======== Material for this exercise

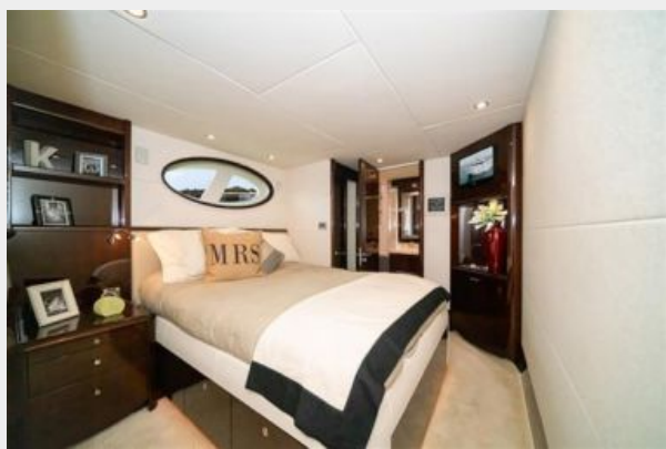
Starboard VIP Stateroom
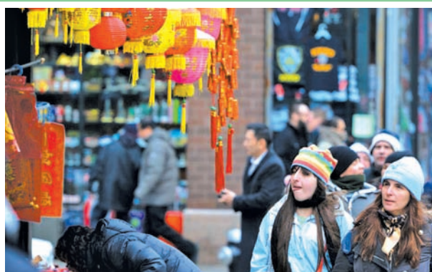
Local residents look at the traditional decorations for the upcoming Chinese Lunar New Year in China Town, New York, the United States, on 6 Feb, 2013. The Chinese Lunar New Year, or Spring Festival, starts on 10 February this year.

During the meeting, the Secretary-General shared with the CPR his perspectives on the progress and challenges in ASEAN Community building efforts in the ASEAN Political-Security Community (APSC), the ASEAN Economic Community (AEC) and the ASEAN Socio-Cultural Community (ASCC). The secretary general and CPR also agreed to hold frequent and regular consultations in order to enhance their coordination and cooperation. The CPR expressed their full support and cooperation to assist the secretary general throughout his tenure.—Xinhua
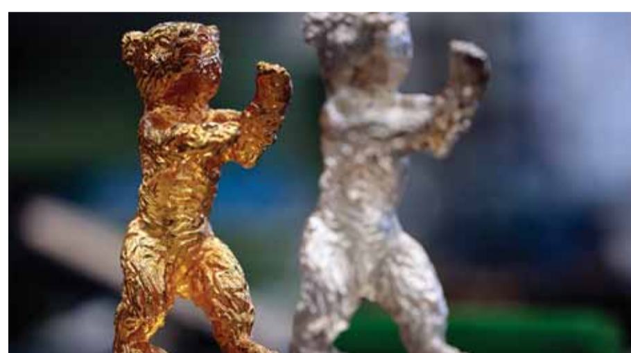
In this file photo a golden and a silver Berlinale Bear trophy of the upcoming 72nd International Film Festival Berlinale are pictured at the Noack foundry in Berlin.

The Berlinale ranks among Europe's top festivals alongside Cannes and Venice, which also went live last year but during ebbs in the pandemic. The recent Sundance and Rotterdam festivals were forced by COVID to go entirely virtual and many expected Berlin to follow suit. But after an all-online festival last March, followed by outdoor screenings in the summer, the Berlinale worked with authorities
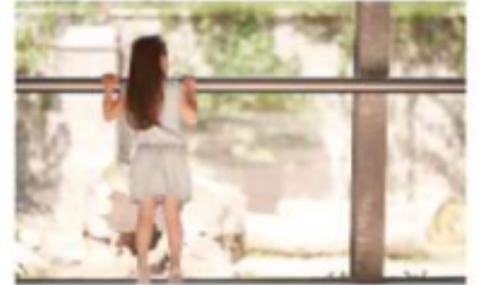
A wall at a zoo
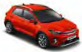
Signal Red _ BEG
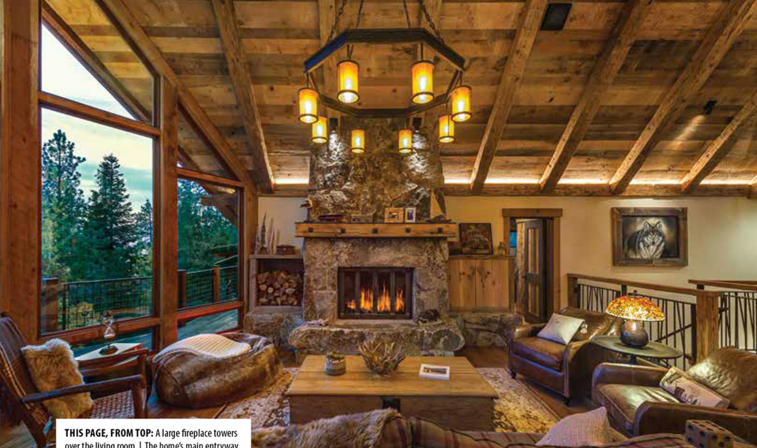
THIS PAGE, FROM TOP: A large fireplace towers over the living room | The home's main entryway

includes lights and speakers, and an outdoor shower with a quartz slab underfoot is conveniently located nearby.
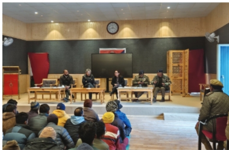
DLSA, Leh (Ladakh) at District Jail, Leh

March 27, 2025: DLSA, Leh (Ladakh) organized an awareness programme at the District Jail, Leh, focusing on the rights and entitlements of prisoners. As part of the initiative, the DLSA also conducted a screening to identify undertrial prisoners who were unrepresented, in order to extend free legal aid and ensure access to justice. This outreach programme aimed to create awareness among inmates about their legal rights while reinforcing the commitment of the DLSA to safeguard the rights of undertrial prisoners. Additionally, the programme highlighted the importance of legal representation in ensuring fair trial and preventing prolonged detention without proper legal recourse. The initiative emphasized the DLSA's role in promoting legal literacy and fostering a more inclusive justice.

================

**Problem requirements:** The lines from the one containing "includes lights and" through the final line of the data are to be repeated exactly, with both ends included and all pictures left out.

**Response to this exercise:**
includes lights and speakers, and an outdoor shower with a quartz slab underfoot is conveniently located nearby.
DLSA, Leh (Ladakh) at District Jail, Leh

March 27, 2025: DLSA, Leh (Ladakh) organized an awareness programme at the District Jail, Leh, focusing on the rights and entitlements of prisoners. As part of the initiative, the DLSA also conducted a screening to identify undertrial prisoners who were unrepresented, in order to extend free legal aid and ensure access to justice. This outreach programme aimed to create awareness among inmates about their legal rights while reinforcing the commitment of the DLSA to safeguard the rights of undertrial prisoners. Additionally, the programme highlighted the importance of legal representation in ensuring fair trial and preventing prolonged detention without proper legal recourse. The initiative emphasized the DLSA's role in promoting legal literacy and fostering a more inclusive justice.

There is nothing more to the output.